I have been teaching in the field of Global Development for the past 15 years, beginning as a Teaching Assistance for Michael Watts at his Introduction to Development and Underdevelopment course back in 1999, when I started my own PhD in Anthropology at UC Berkeley. Ten years later I joined the Centre for Development Studies at the University of Auckland in New Zealand, a small postgraduate program under the welcoming directorship of Yvonne Underhill-Sem. It was here, teaching primarily Kiwi, Pacific and Asian students, that I first heard students talk about their disillusionment with our critical take on international development, which left them with little to no hope to realize their desire to make the world a better place through working in the field. Granted, I knew already that the field was deeply problematic and that many of the students’ desires were build on naive assumptions whose realization had often brought the students to our program in the first place. But as an educator committed to transformational teaching the reaches beyond the classroom, I could not help but feeling that something was amiss.

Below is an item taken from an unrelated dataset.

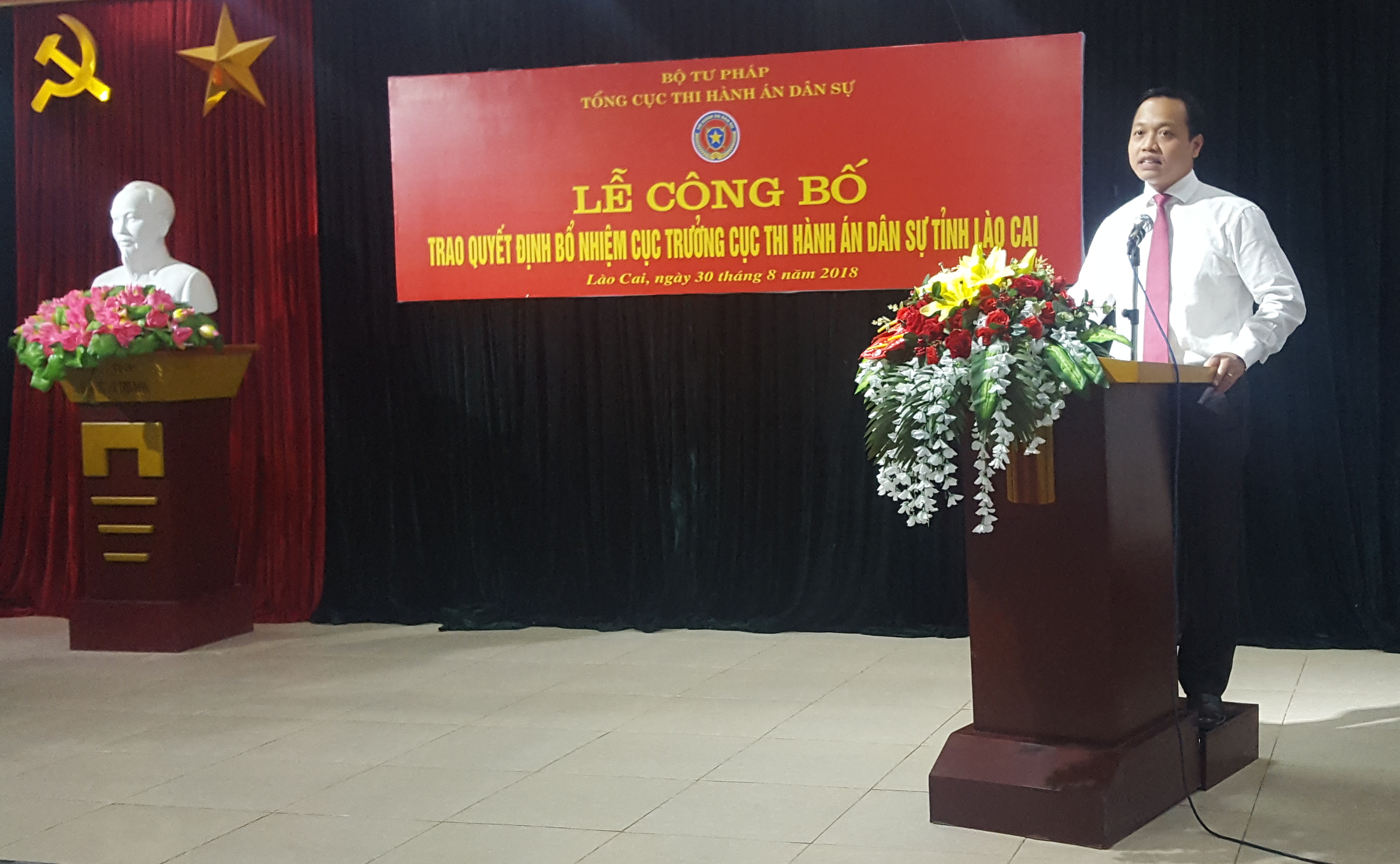Thực hiện Quyết định của Bộ trưởng Bộ Tư pháp về việc bổ nhiệm công chức giữ chức vụ lãnh đạo, ngày 30/8/2018, Tổng cục Thi hành án dân sự đã tổ chức Lễ công bố và trao quyết định bổ nhiệm Cục trưởng Cục Thi hành án dân sự tỉnh Lào Cai. Tham dự buổi Lễ về phía đoàn công tác của Bộ Tư pháp có ông Trần Tiến Dũng, Ủy viên Ban Cán sự đảng, Thứ trưởng Bộ Tư pháp, ông Nguyễn Thanh Thủy, Phó Tổng cục trưởng Tổng cục Thi hành án dân sự, ông Phạm Thành Trung, Phó Vụ trưởng Vụ Tổ chức cán bộ Tổng cục Thi hành án dân sự; về phía tỉnh Lào Cai có ông Đặng Xuân Thanh, Phó Chủ tịch UBND tỉnh, đại diện Lãnh đạo Ban Tổ chức Tỉnh ủy, Ban Nội chính Tỉnh ủy, Đảng ủy Khối các cơ quan tỉnh, đại diện Lãnh đạo các cơ quan Công an, TAND, Viện KSND, Sở Tư pháp và toàn thể công chức, người lao động của Cục Thi hành án dân sự, Chi cục trưởng Chi cục Thi hành án dân sự các huyện, thành phố tỉnh Lào Cai.
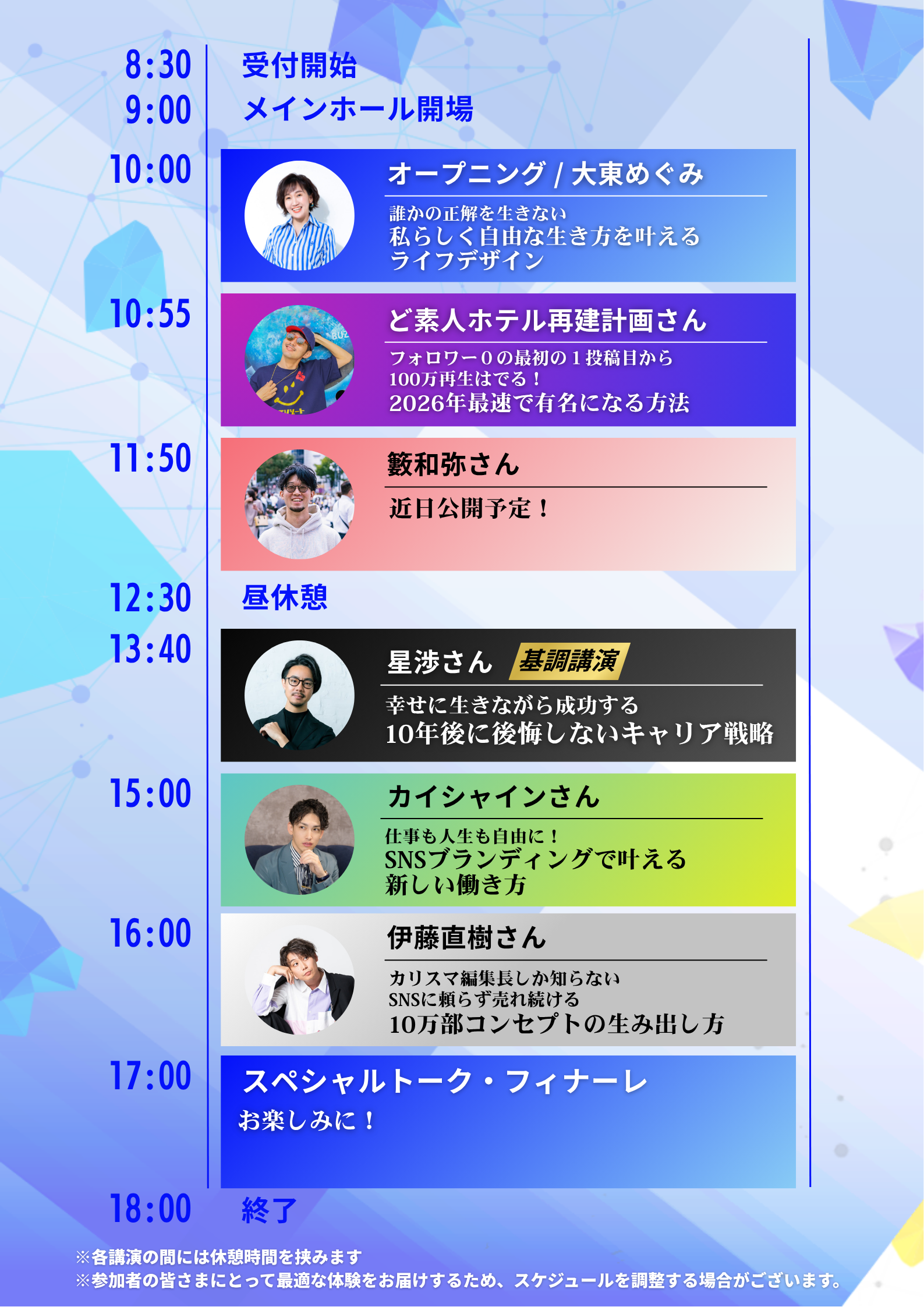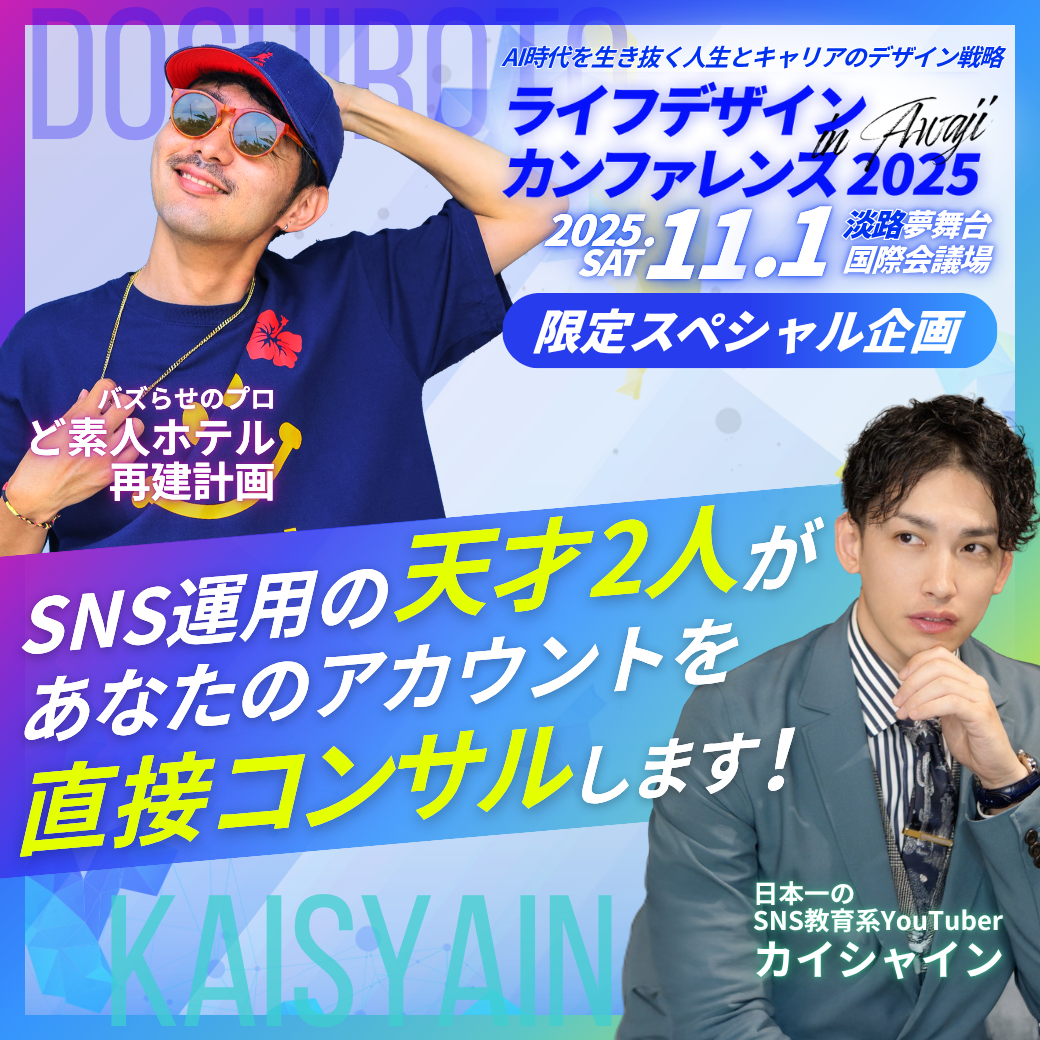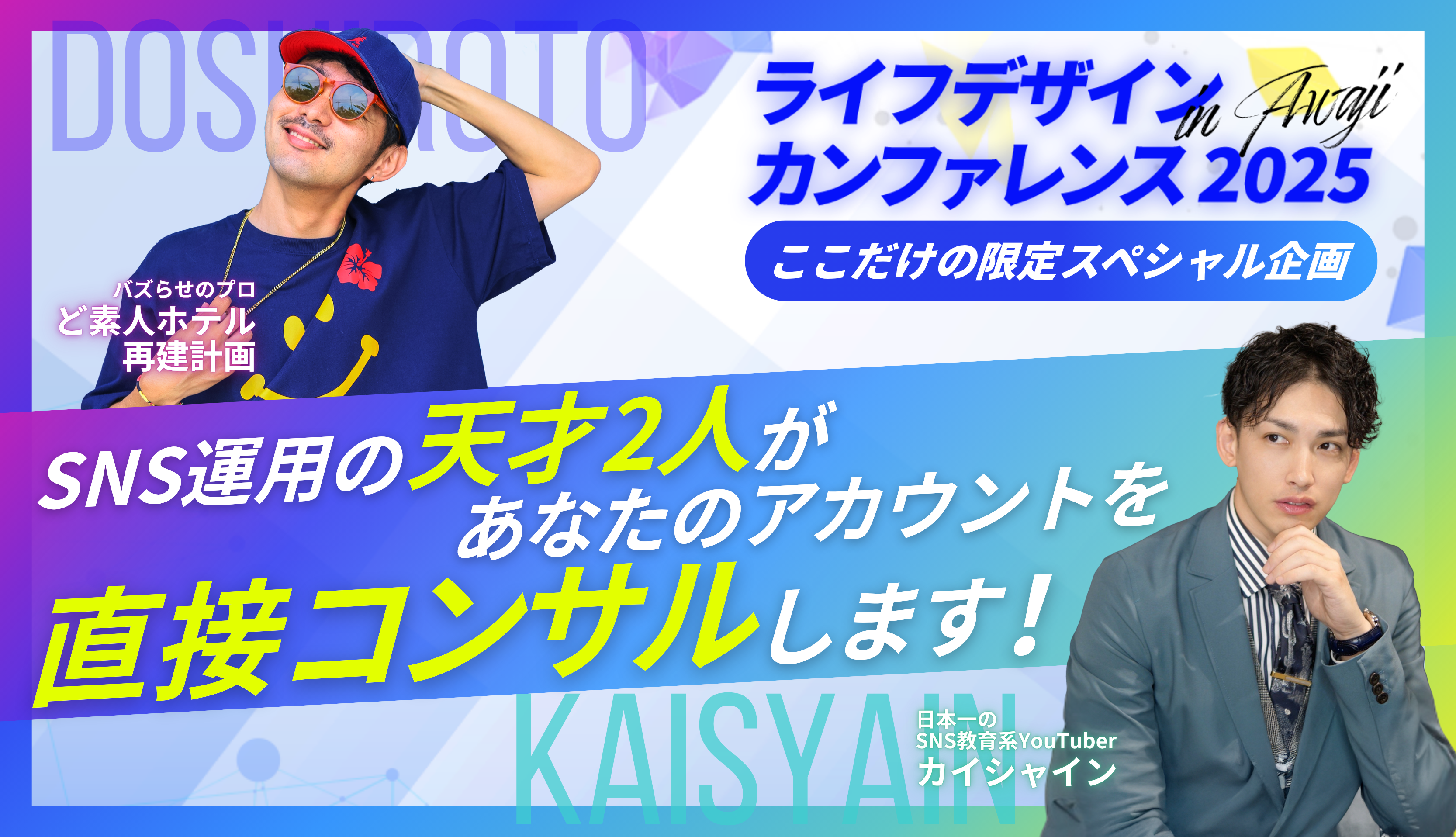 このライフデザインカンファレンス主催の大東めぐみは、SNSを活用した日本の地方創生に今まさに挑戦しているところです。 大東は淡路島出身で、地元淡路島の魅力をSNSマーケティングで広め、地方の活性化につなげたいという熱い思いで活動に取り組んでいます。2025年夏、その思いが現実のものとなり、廃墟となったホテルを再生して淡路島屈指のオーベルジュとして生まれ変わらせました。この挑戦が日本全国に広がることで、私たちの国全体がより魅力的で活気に満ちた場所になると信じ、日々最前線で活動を続けています。

This continued after I joined Sussex University in the UK in 2014, in the International Development department which has a large undergraduate program as well as several MA courses and a thriving PhD community. Especially as Head of Department for three years, I had many more conversations with students and colleagues, which clarified my thoughts on the importance of educating students around the idea of ‘critical hope’ – a combination of critical analysis of the international development regime and its historical and current inequities and of informed awareness of existing alternatives within and without this system to guide students in imagining and working towards alternative futures.

Creative Universities: Reimagining Education in an Age of Global Challenges, which I will be writing over the next year, is the result of this 20 year journey, showing how I, and many of my colleagues, have put teaching critical hope into practice in the classroom.

Thank you for reading this blog!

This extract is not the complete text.